Well, I kept it up for one more week
Week 5
Byes: Ravens, Browns, Cowboys, Miami, St. Louis, Washington: All these teams do not play this week, though Tony Romo does throw 2 interceptions.
Eagles @ Bills: Bills 34 Eagles 31: Eagle coach Andy Reid is shocked by the Eagles problems. “I just don’t get it” Reid exclaims “I’ve raised this team like my sons”
Saints @ Panthers: Saints 54 Panthers 48: Both QB’s pass for over 600 yards. After the game the NFL seriously considers retracting the rule change that forces defenders to close their eyes and count to “5 Mississippi” at the start of each play.
Raiders @ Texans: Raiders 21 Texans 17: Raiders win the game and Demarcus Russell serves the team bus at the McDonald’s drive-up afterwards.
Chiefs @ Colts: Colts 22 Chiefs 21: Colt and Chief executives have teamed up to try and create a device similar to the one used in the movies Men In Black in hope to erase the fans memories of this season. They have only had partial success so far, erasing most of their players memories of how to play football.
Bengals @ Jaguars: Bengals 66 Jaguars 45: You think last weekends field painting was bad...this week the Jaguars paint and number the field east to west instead of north to south. Bengals take advantage of the shortened field more often then the Jaguars. After the game, the Florida Education Commissions admits they didn’t see anything wrong with the field.
Cardinals @ Vikings: Cardinals 28 Vikings 10: Before the game, Viking QB Donovan McNabb is arrested under suspicion that he has broken into a number of local retail stores. However he is released and investigators explain “He might have broken into the Wal-mart, but having watched him play all year, we are positive there is no way he hit the Target.”
Seahawks @ Giants: Giants 24 Seahawks 16: To honor Steve Jobs, Seahawk owner Paul Allen has his team wear new uniforms with the numbers in binary.

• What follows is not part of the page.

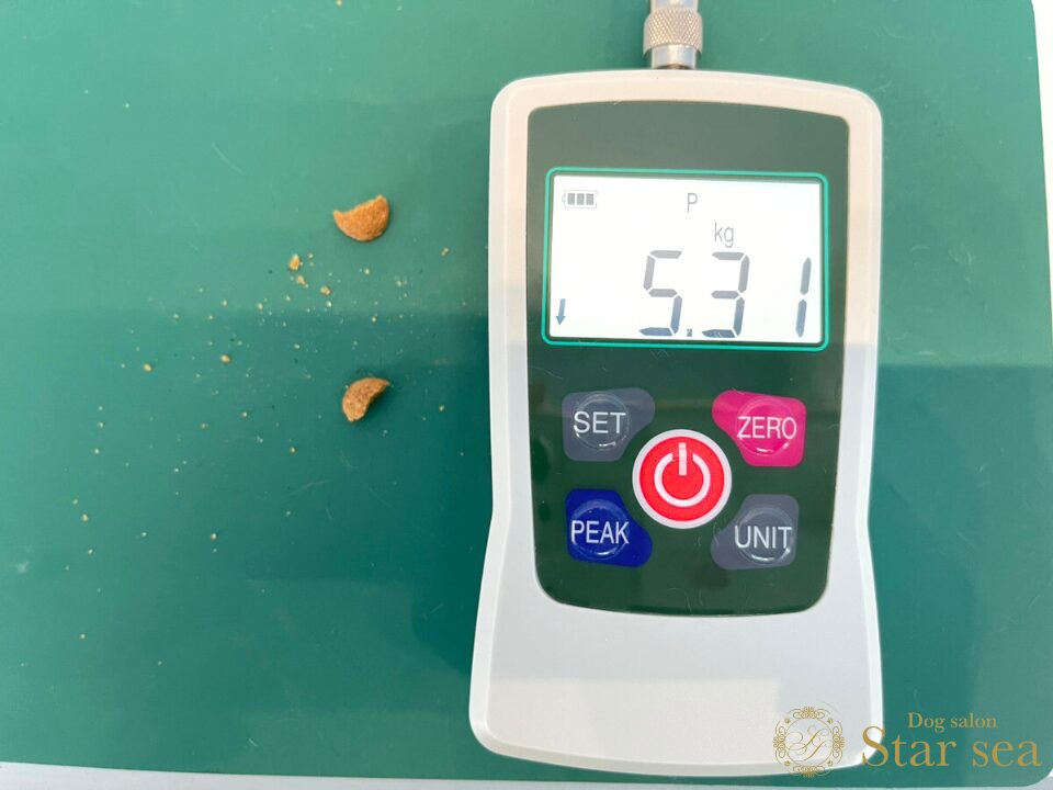 コンボピュアドッグフードの粒の大きさは10.3㎜、厚さは5.0㎜、硬さは5.31㎏でした。

The officials have trouble all day deciding if 1001001 is an eligible receiver or not.
Titans @ Steelers: Titans 31 Steelers 17: Titan QB Matt Hassleback continues his fine play. He comments after the game “Its just nice to know that I can still play the game at a high level, at least I know I’ve got a couple of years before I lose my skills and have to pay for the Vikings.”

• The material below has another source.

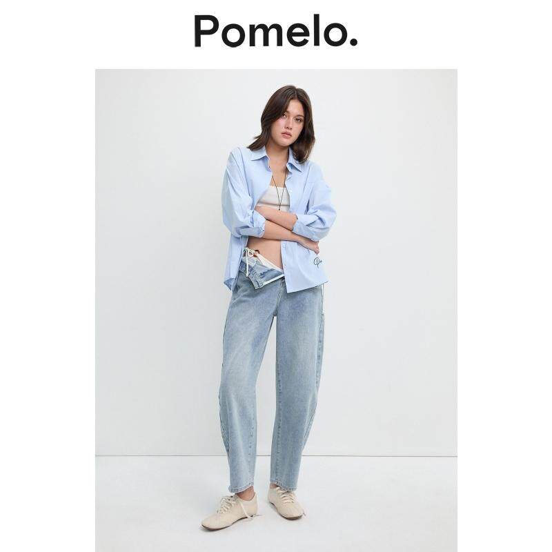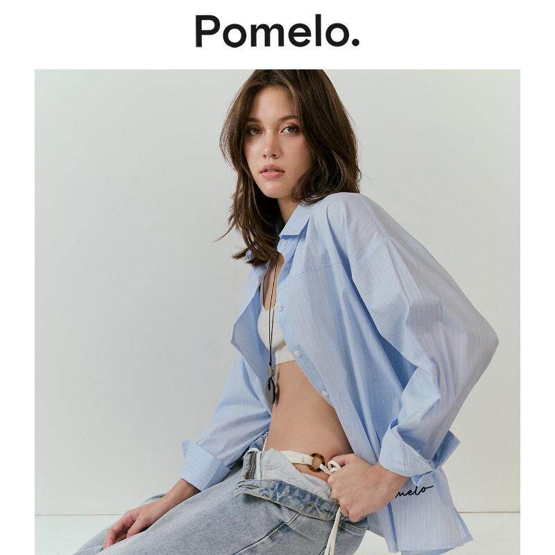 logo宽松显瘦男友风衬衫 刺绣 慵懒风浅蓝细条纹衬衫 Pomelo

Buccaneers @ 49ers: Buccaneers 30 49ers 14: Buccaneers actually have greater fan support than the 49ers in this game as the team wisely selects this week to wear their throwback uniforms from the 80’s.
Chargers @ Broncos: Chargers 27 Broncos 13: Bronco fans take their push to get Tim Tebow to play to a different level. After the game, fans hand out flyers, put up yard signs and a local business offers head coach John Fox discounts on dry cleaning.
Jets @ Patriots: Patriots 28 Jets 10: Jets coach Rex Ryan admits he probably should have spent more time figuring out how to get his team to beat the Patriots instead of lamenting how nobody else beats them. In a related story, Buffalo coach Chan Gailey calls up Ryan and asks for his fruit basket.
Packers @ Falcons: Packers 37 Falcons 28: Falcon QB Matt Ryan says after the game, I wish we hadn’t spent the last two training camps playing with little kids.
Bears @ Lions: Lions 27 Bears 19: After the game, ESPN awards the Lions an ESPY as team of the decade for the week of October 4-10, breaking the New England Patriots run of 247 consecutive weeks as team of the decade. Lion defensive lineman Ndomican Suh is overjoyed with the award, throwing it down and breaking it after the ceremony.